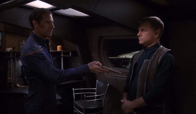 Enterprise finds the subspace corridor that is meant to take them to the Xindi Super Weapon but stop when another NX class starship is detected on scanners. They are surprised when the ship turns out to be themselves but from the future. Captained by a man named Lorian, the second Enterprise requests that Enterprise not enter the rift until they can explain.
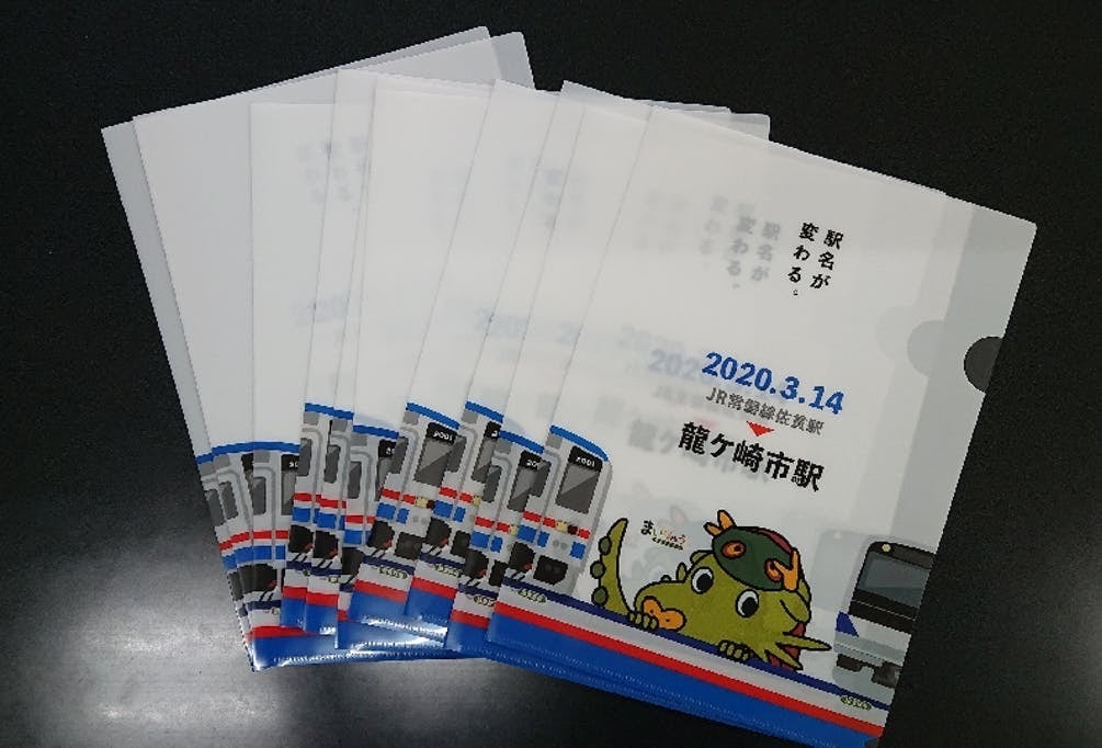 (JR東日本水戸支社・関東鉄道・龍ケ崎市提供)JR龍ケ崎市駅誕生を記念して2020年3月14日に駅などで配布されたオリジナルのクリアファイルです。
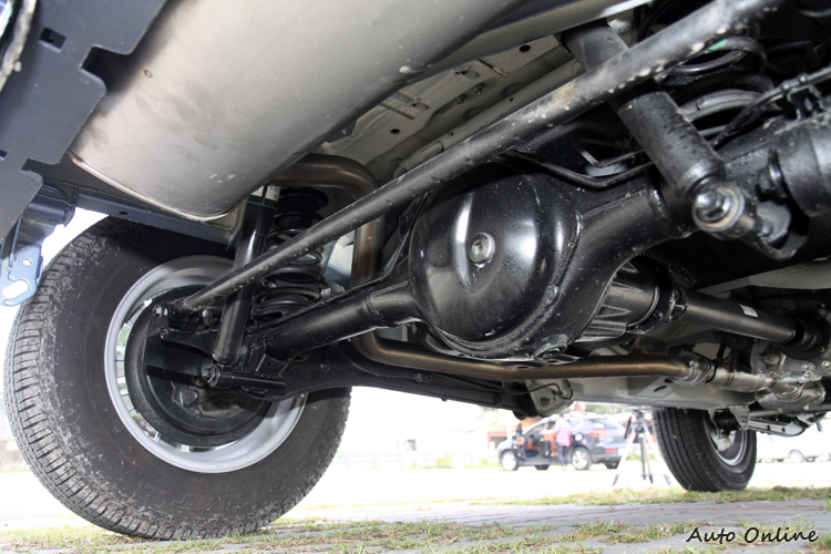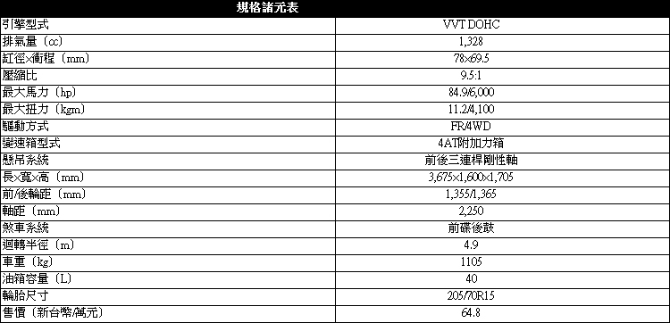 動力表現非強項![]() ▲Jimny搭載VVT 1.3L M13A DOHC引擎,在電子多點燃油噴射機構輔佐下,最大馬力84.9hp/6,000rpm與最大扭力11.0kgm/4,100rpm動力上,搭載VVT 1.3L M13A DOHC引擎,在電子多點燃油噴射機構輔佐下,最大馬力84.9hp/6,000rpm與最大扭力11.0kgm/4,100rpm;變速箱使用四速自排變速箱附加力箱,在中控台上可以切換2WD、4WD以及4WD-L,透過中央差速器的分配,Jimny能有效平均分配四輪的抓地力。 ![]() ▲搭載高剛性H型底盤大樑,前、後使用三連桿剛性軸式懸吊,結實的梯型設計能適用各種越野路況。![]() ▲Suzuki Jimny原廠搭配的是205/70R15的一般街胎,刻意誇張的輪拱採用塑料避免板金刮傷。
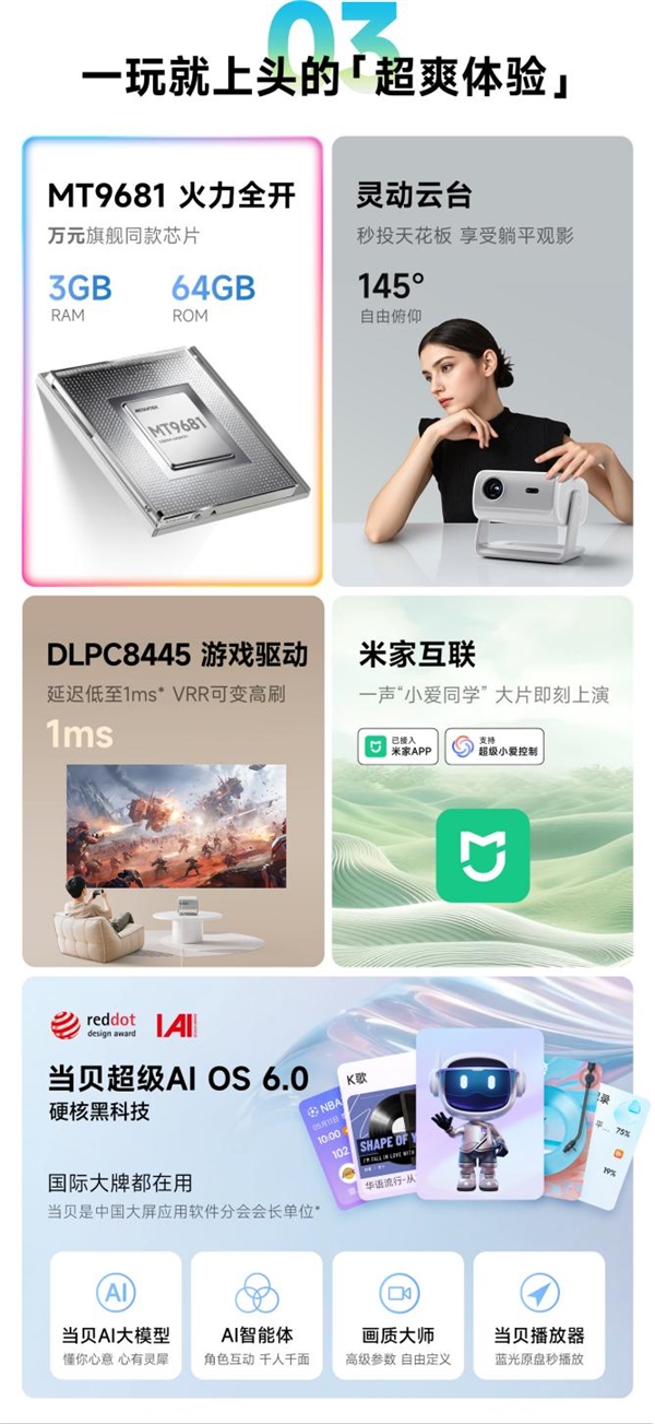 性能方面,当贝D7X Pro搭载MT9681万元旗舰芯片,搭配3GB RAM+64GB ROM超大存储组合,解码4K影片流畅不卡顿,多APP切换毫无压力。针对游戏玩家,产品做了专属优化,采用DLP C8445游戏驱动技术将延迟降至1ms,支持240Hz高刷与VRR可变刷新率,操作丝滑跟手,沉浸式游戏体验拉满,真正实现观影游戏双全能。
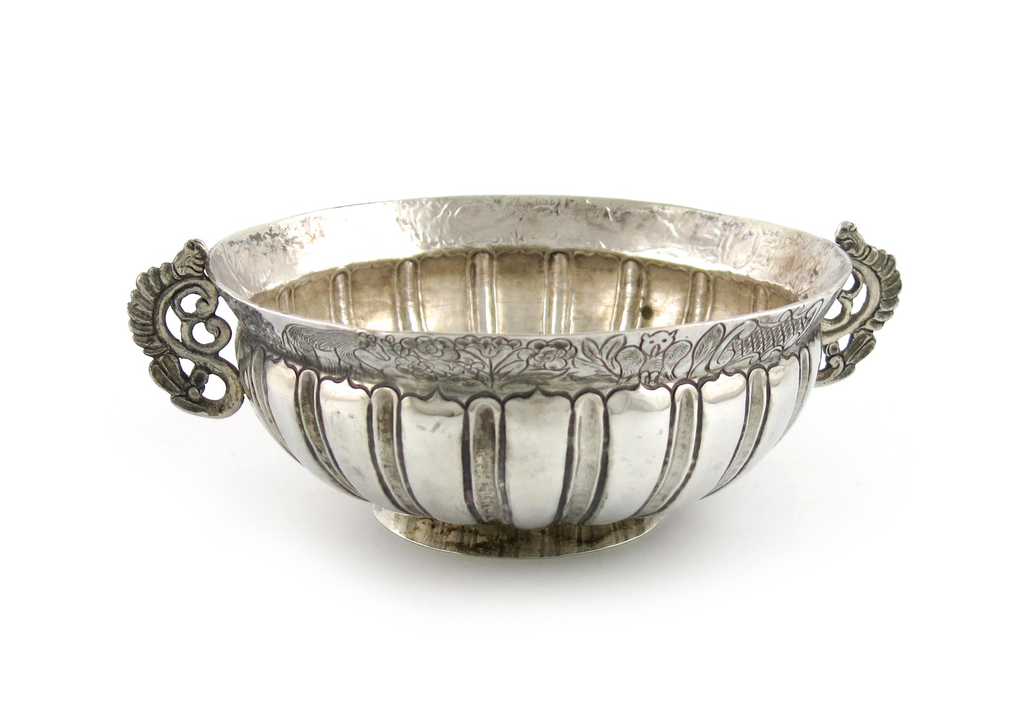 circular form, pierced side scroll handles with stylised caterpillars, fluted decoration below a border of fish and animals within foliate scroll decoration, on a circular foot, diameter 18.7cm, approx. weight 18.8oz.
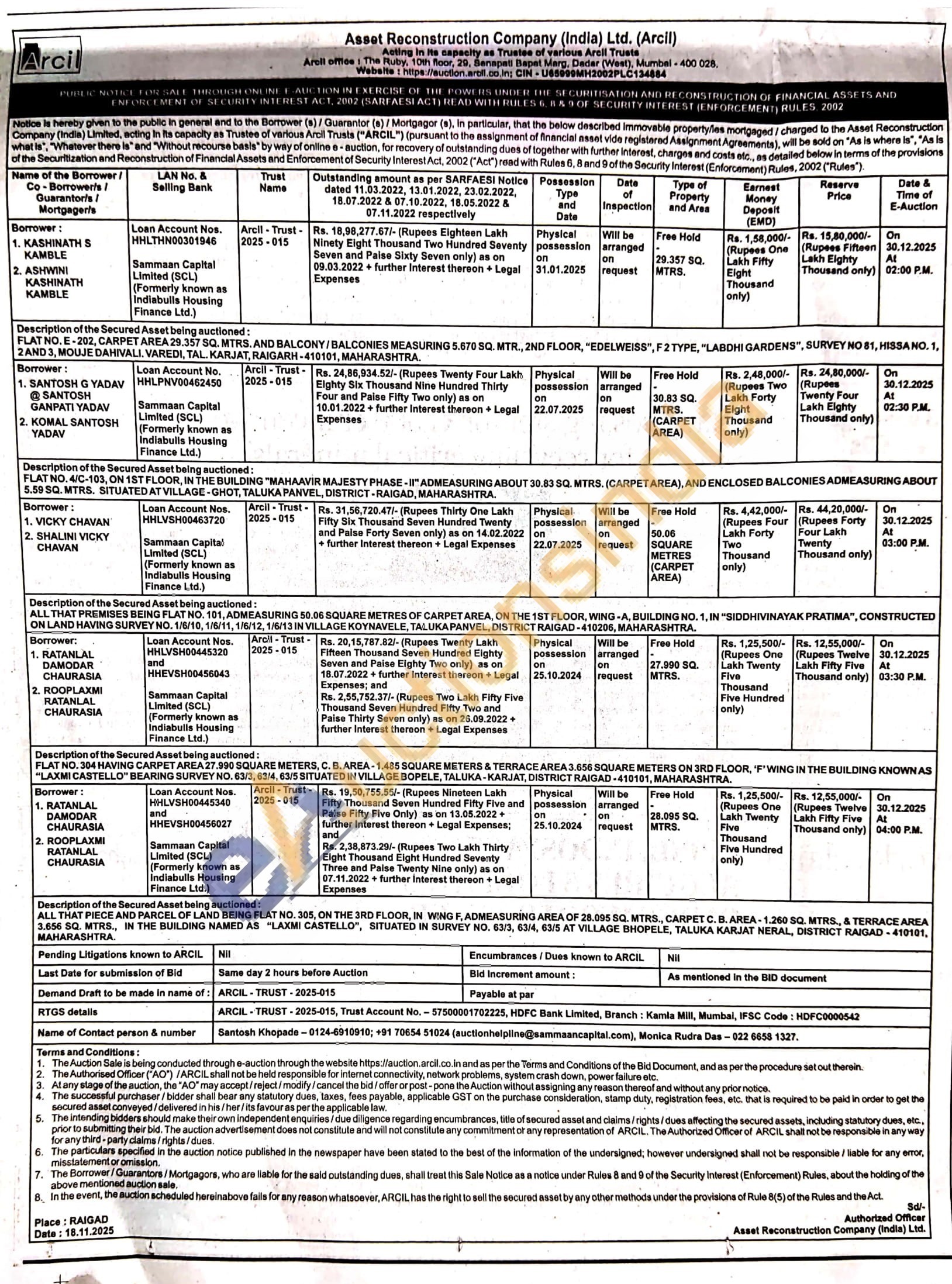 Contact Santosh Khopade-0124-6910910; +91 70654 51024 (auctionhelpline@sammaancapital.com), Monica Rudra Das-022 6658 1327.
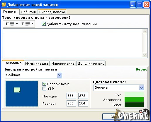 - Детально настраивать дату и время напоминания с помощью "Визард показа".
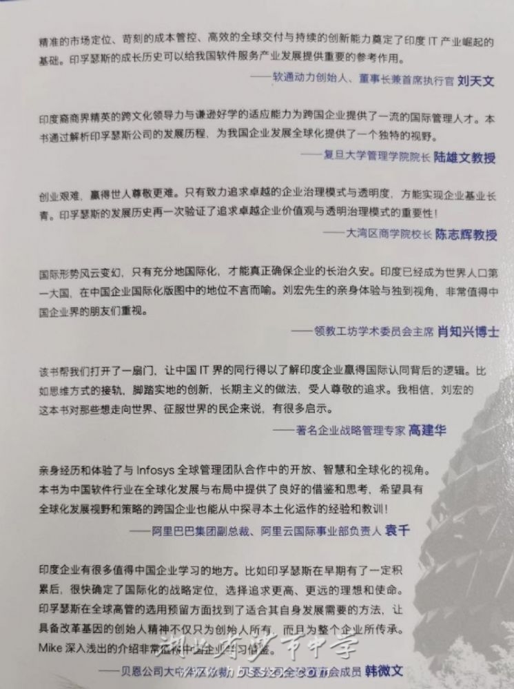 書籍推薦語 劉宏校友1981年畢業于湖北省沙市中學,被中國人民大學信息學院錄取,到美國邁阿密大學商學院攻讀工商管理碩士,后來完成美國斯坦福大學企業高管培訓。2013年劉宏先生加入印度著名的信息技術服務公司印孚瑟斯(Infosys)中國有限公司擔任首席運營官,并于2016年榮升全球副總裁兼大中華地區總裁及法人。在印孚瑟斯任職期間,劉宏先生全面負責推動印孚瑟斯中國業務轉型,為跨國公司中國戰略落地及中國企業海外拓展提供一流的業務咨詢及IT服務。在此期間,劉宏先生曾多次與公司創始人、全球CEO及公司高級管理人員緊密交流,成為第一個擔任印孚瑟斯大中國地區業務總裁兼法人職務的大陸人士。
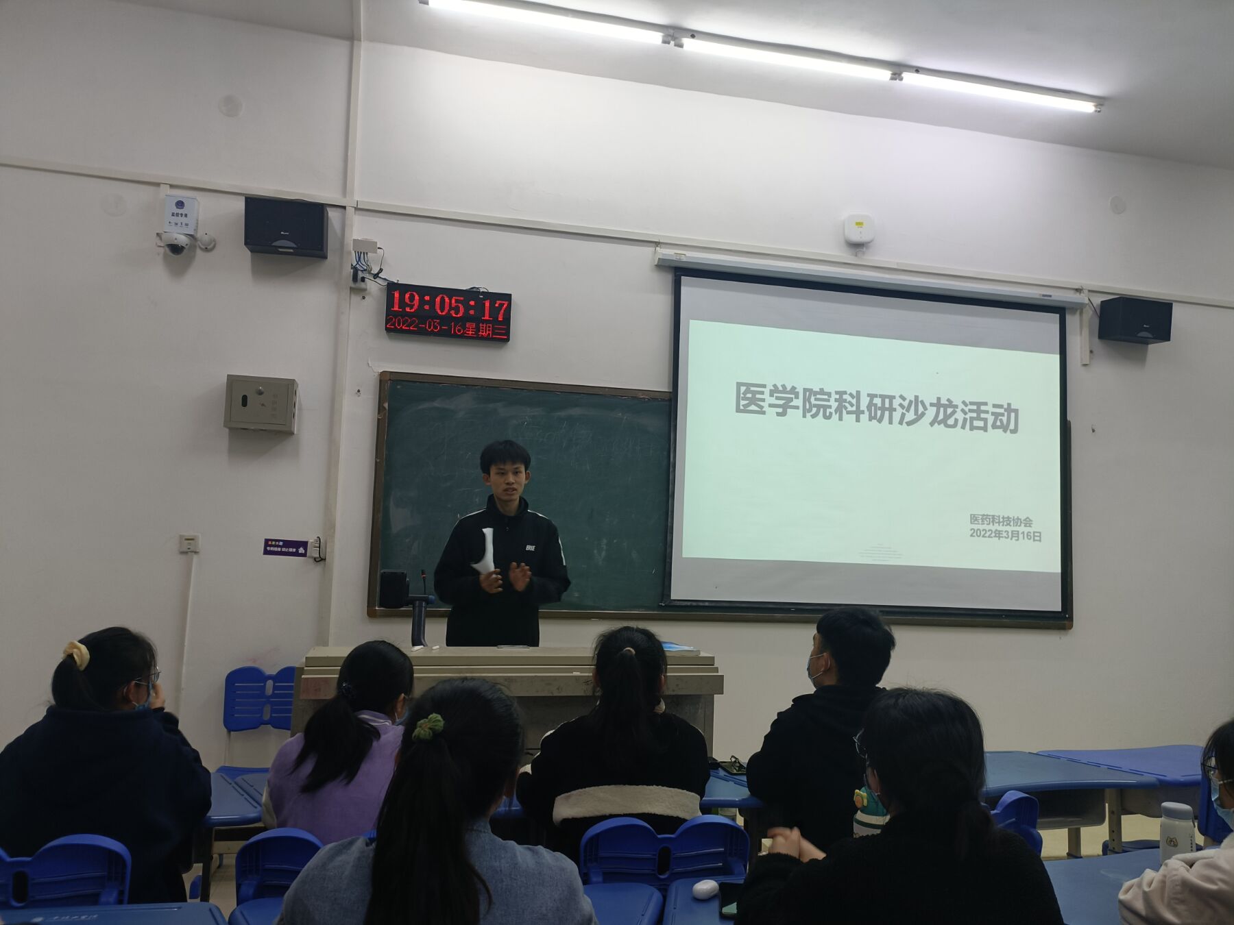 2022年3月16日19:00—21:00,由医药科技协会承办的“科研沙龙”第一期活动在太阳成集团tyc122ccA101教室举办。本次活动邀请到高华山、冯文坡两位博士作指导老师,70名药学同学积极参加本次活动,活动由马浩然同学主持。
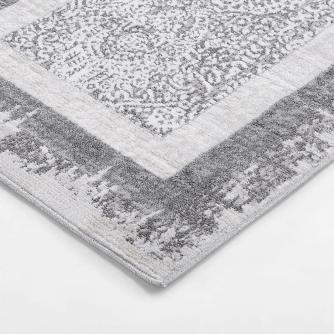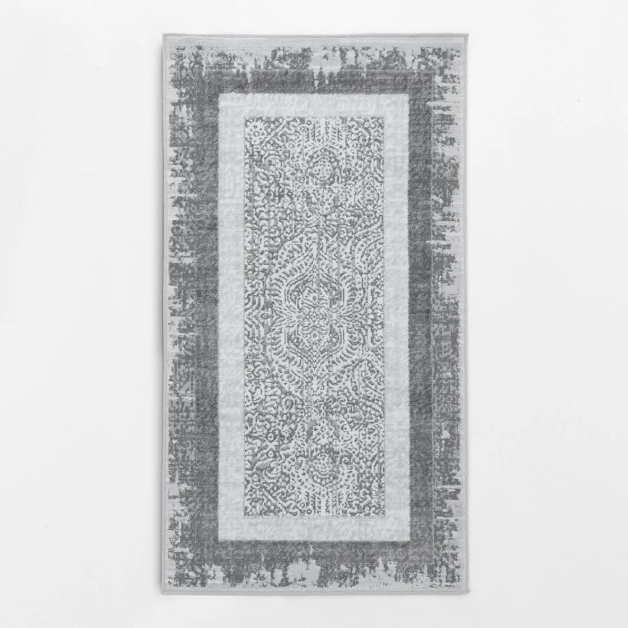 Dywan MIRACLE cechuje elegancki wzór z geometrycznymi ramami i centralnym ornamentem w odcieniach szarości.
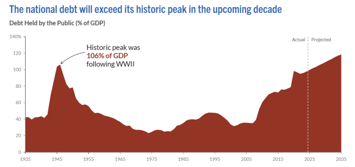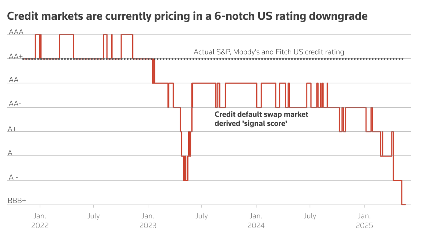 美元信心的崩塌和全球央行加速“去美元化”的趋势,使得市场对美国资产的担忧蔓延至其主权信用评级。上周,美国失去了最后一个Aaa信用评级。穆迪的数据显示,当前美国公共债务约占GDP的100%,预计到2035年将进一步上升至134%。从信贷市场定价看,华尔街似乎预计美国主权信用评级未来还将连降六级。
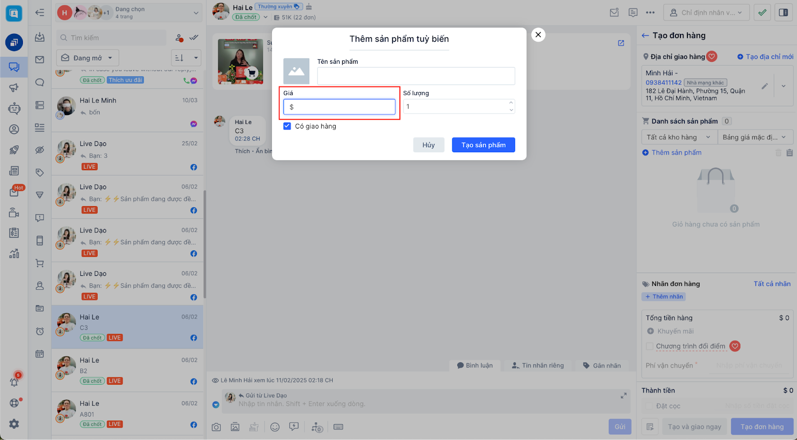 Tạo đơn hàng trong hội thoại Harasocial với đơn vị tiền tệ là USD và hiển thị số thập phân
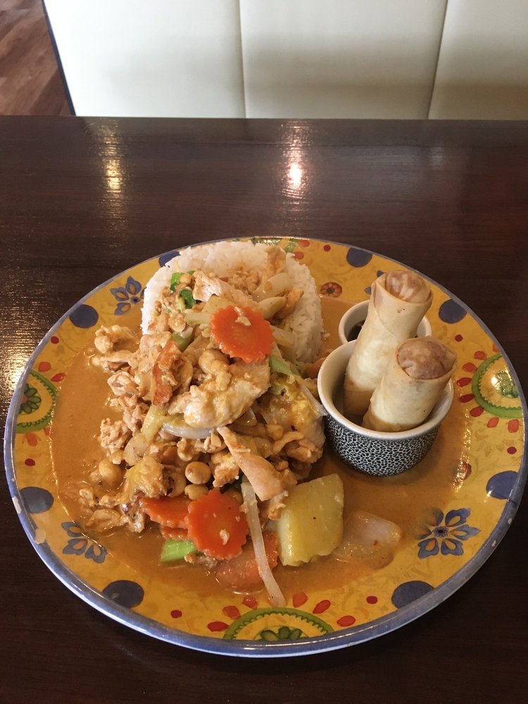 Mild spice level. Potato, onion, carrot, peanut. Served with jasmine rice.
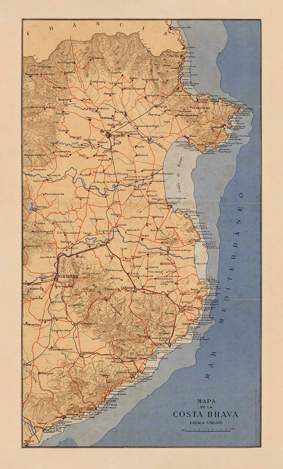 Ancienne carte de la Costa Brava par Dolcet en 1950: Gérone, Figueres, Tossa de Mar, Lloret de Mar, Blanes
════
Give back exactly the lines above from the one with "動力表現非強項![]() ▲Jimny搭載VVT 1.3L" through the one with "性能方面,当贝D7X Pro搭载MT9681万元旗舰芯片,搭配3GB RAM+64GB", both included. Pictures don't belong in the copy.

- Exercise answer
 動力表現非強項![]() ▲Jimny搭載VVT 1.3L M13A DOHC引擎,在電子多點燃油噴射機構輔佐下,最大馬力84.9hp/6,000rpm與最大扭力11.0kgm/4,100rpm動力上,搭載VVT 1.3L M13A DOHC引擎,在電子多點燃油噴射機構輔佐下,最大馬力84.9hp/6,000rpm與最大扭力11.0kgm/4,100rpm;變速箱使用四速自排變速箱附加力箱,在中控台上可以切換2WD、4WD以及4WD-L,透過中央差速器的分配,Jimny能有效平均分配四輪的抓地力。 ![]() ▲搭載高剛性H型底盤大樑,前、後使用三連桿剛性軸式懸吊,結實的梯型設計能適用各種越野路況。![]() ▲Suzuki Jimny原廠搭配的是205/70R15的一般街胎,刻意誇張的輪拱採用塑料避免板金刮傷。
 性能方面,当贝D7X Pro搭载MT9681万元旗舰芯片,搭配3GB RAM+64GB ROM超大存储组合,解码4K影片流畅不卡顿,多APP切换毫无压力。针对游戏玩家,产品做了专属优化,采用DLP C8445游戏驱动技术将延迟降至1ms,支持240Hz高刷与VRR可变刷新率,操作丝滑跟手,沉浸式游戏体验拉满,真正实现观影游戏双全能。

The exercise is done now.